WASHINGTON - US President Barack Obama and his wife, Michelle, will visit Senegal, Tanzania and South Africa during an African tour next month.

But his itinerary released on Monday bypasses Kenya, an ancestral homeland.

Obama disappointed many Africans by spending only a few hours in sub-Saharan Africa -- in Ghana -- during his first term, but is keen to implement a sweeping new regional strategy, prioritising democracy and economic reform.

Speculation will centre on whether America's first black president will see ailing 94-year-old South African anti-Apartheid icon Nelson Mandela.

The White House said the long-awaited visit was intended to underscore Obama's "commitment to broadening and deepening cooperation between the United States and the people of sub-Saharan Africa" to advance peace and prosperity.

Obama will meet officials, businessmen and civil society leaders on the trip between July 26 and August 3 -- an unusually long journey for a president who normally dashes across time zones on trips abroad.

But early scrutiny will concentrate as much on where he will not go in Africa with Kenya, the land of Obama's late father and where he still has living relatives, a glaring omission.
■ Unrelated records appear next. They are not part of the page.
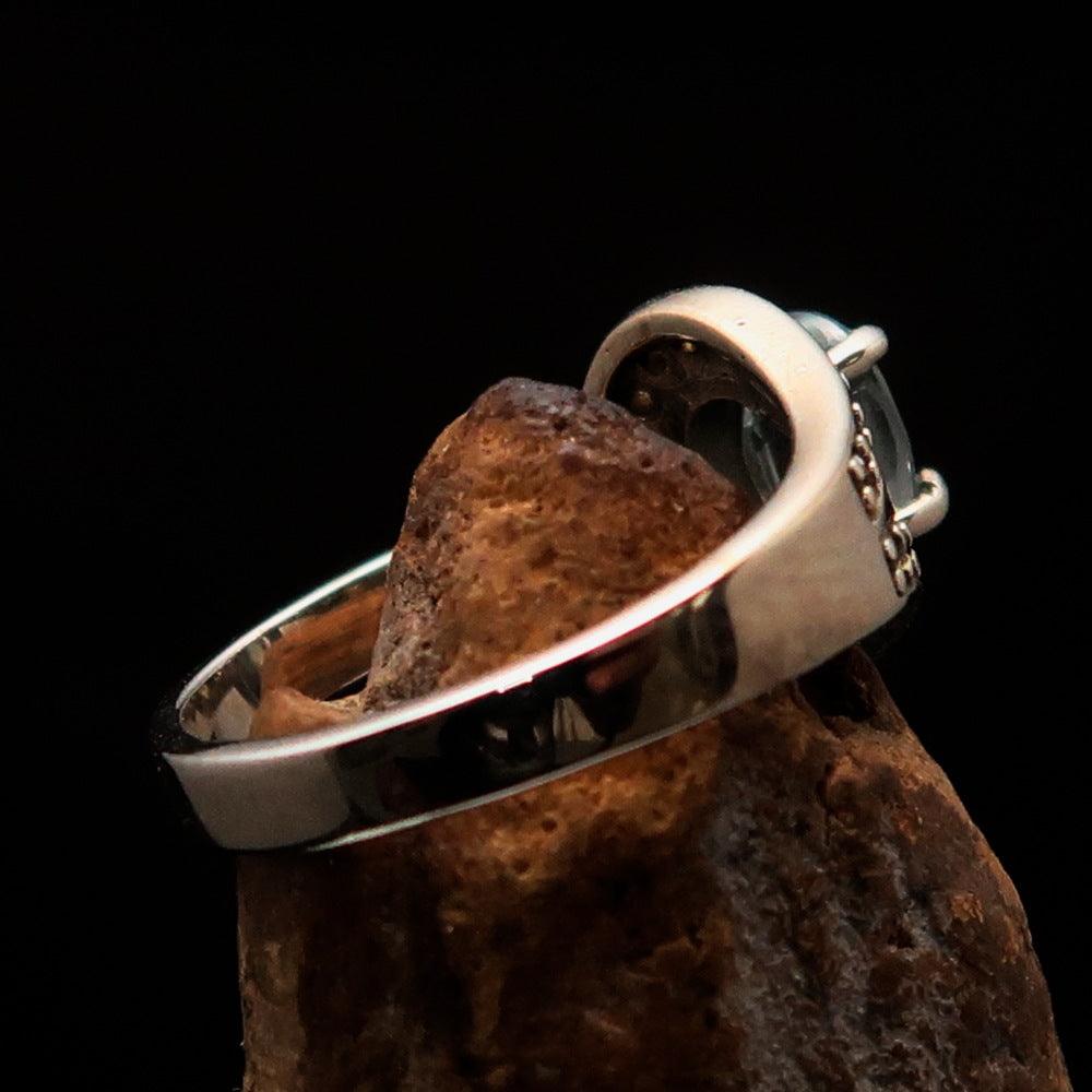Dropship Sterling Silver Solitaire Loop Ring with oval Cut Blue Zircon and 21
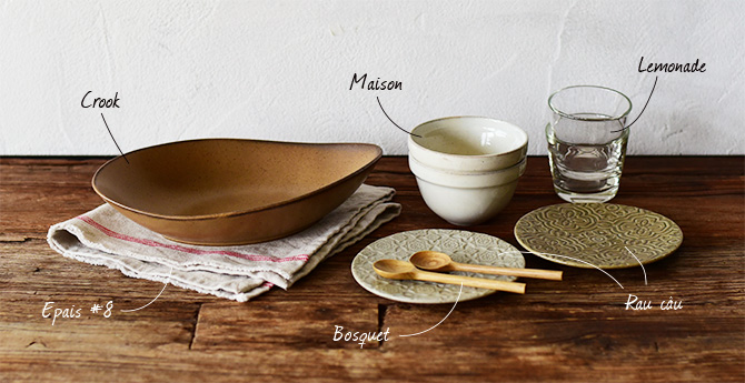 CAST:エペ #8/クルック 10"ベーカー/メゾン ボールS/ボスケ スプーンS/ラウカウ 銘々皿/レモネード フラットタンブラー
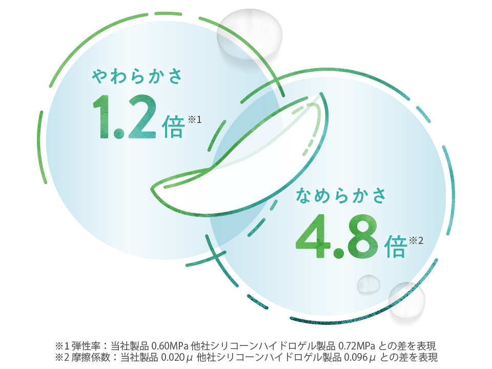 従来のシリコーンハイドロゲルレンズの弱点である硬さを軽減し、
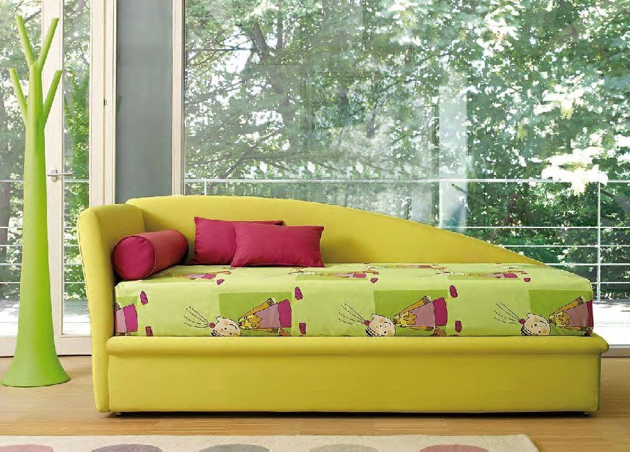 Помимо кроватей и диванов, производители мебели выпускают и прочие виды спальных мест для детей. Одним из таких видов является кушетка, которая представляет собой небольшой диванчик с низкой спинкой и изголовьем. Как правило, спальное место рассчитано на одного ребёнка и не оснащено устройством трансформации. Однако некоторые модели могут иметь ящики для хранения различных вещей. Детские кушетки с бортиками для малышей от 3 лет устанавливается на подиум или основание на деревянных или металлических ножках.

Obama frequently uses his past and background to connect with foreigners, remembering his childhood stays while in Indonesia, his Irish heritage in Ireland and as a Hawaii native, posing as America's "first Pacific president".

But politics appear to have scuppered hopes for Obama to reconnect with his roots in Kenya.
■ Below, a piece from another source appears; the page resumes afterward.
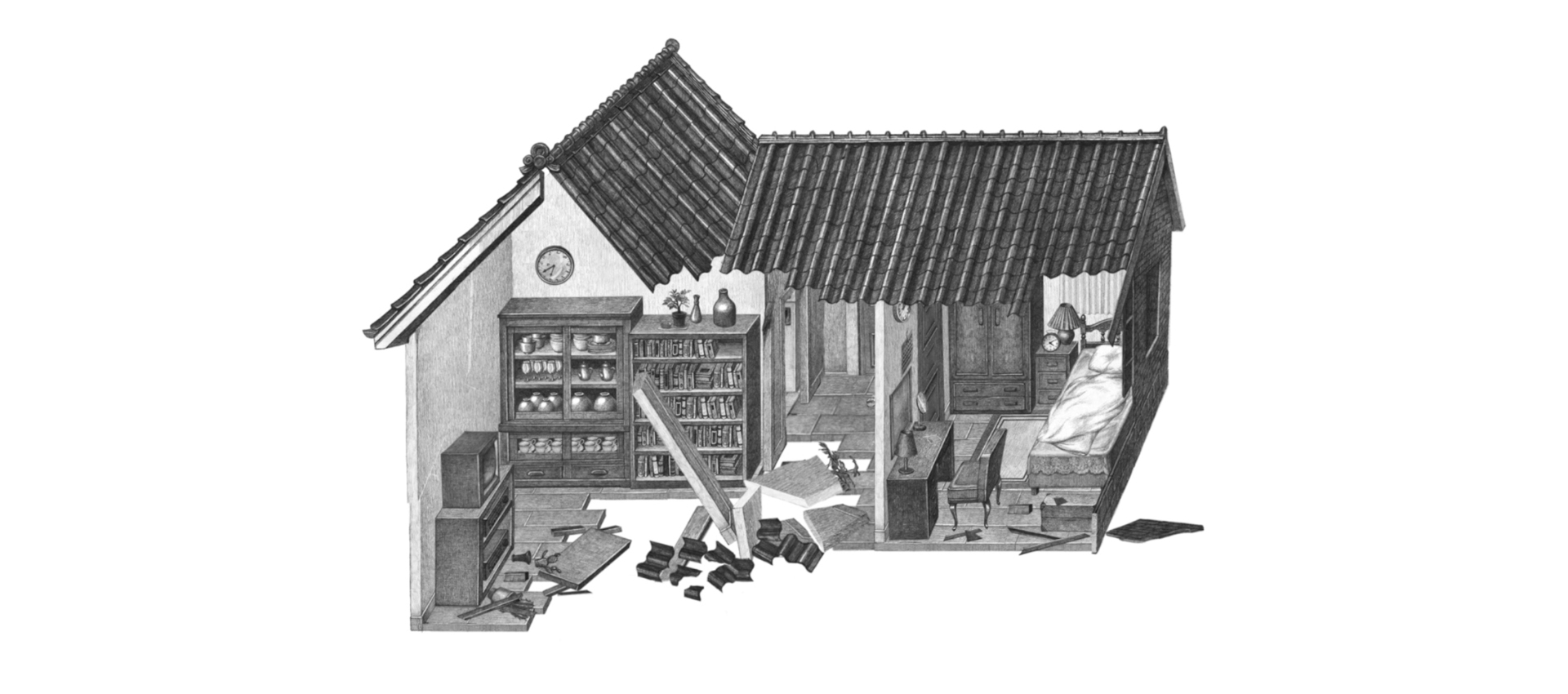 집이 점점 무너져 내리며 처음 보이는 공간은

It would likely be seen as unseemly for Obama to appear with Uhuru Kenyatta, elected president in March, who will go on trial in July at the International Criminal Court (ICC) for crimes against humanity in post-election violence in 2007-08.

An administration official said on condition of anonymity that Kenyatta's election had been a complicating factor in setting Obama's schedule in Africa.

Obama did visit Kenya in 2006 shortly after he was elected to the Senate, but before he announced his 2008 run for the White House.

His visit to Africa will follow a similar tour made by the First Lady in June 2011 during which she met Mandela.

In June 2012 Obama unveiled a sweeping new Africa strategy with the goal of reinforcing security and democracy on a continent facing the threat of Al-Qaeda and a Chinese economic offensive.

The new US blueprint seeks to boost trade, strengthen peace, security and good governance and bolster democratic institutions, declaring that a continent torn by poverty, corruption and discord could be the world's next big economic success story.

The administration touted "successes" from helping to restore democracy in Ivory Coast, nurturing the new state of South Sudan, backing stability efforts in Somalia and engaging young African leaders.

In his speech before Ghana's parliament in 2009, Obama proclaimed that even though the continent now needs international aid, "Africa's future is up to Africans".

Obama's visit will also likely throw a new focus on the President's Emergency Plan for AIDS Relief, which was the brainchild of his predecessor George W. Bush and is credited with saving millions of lives.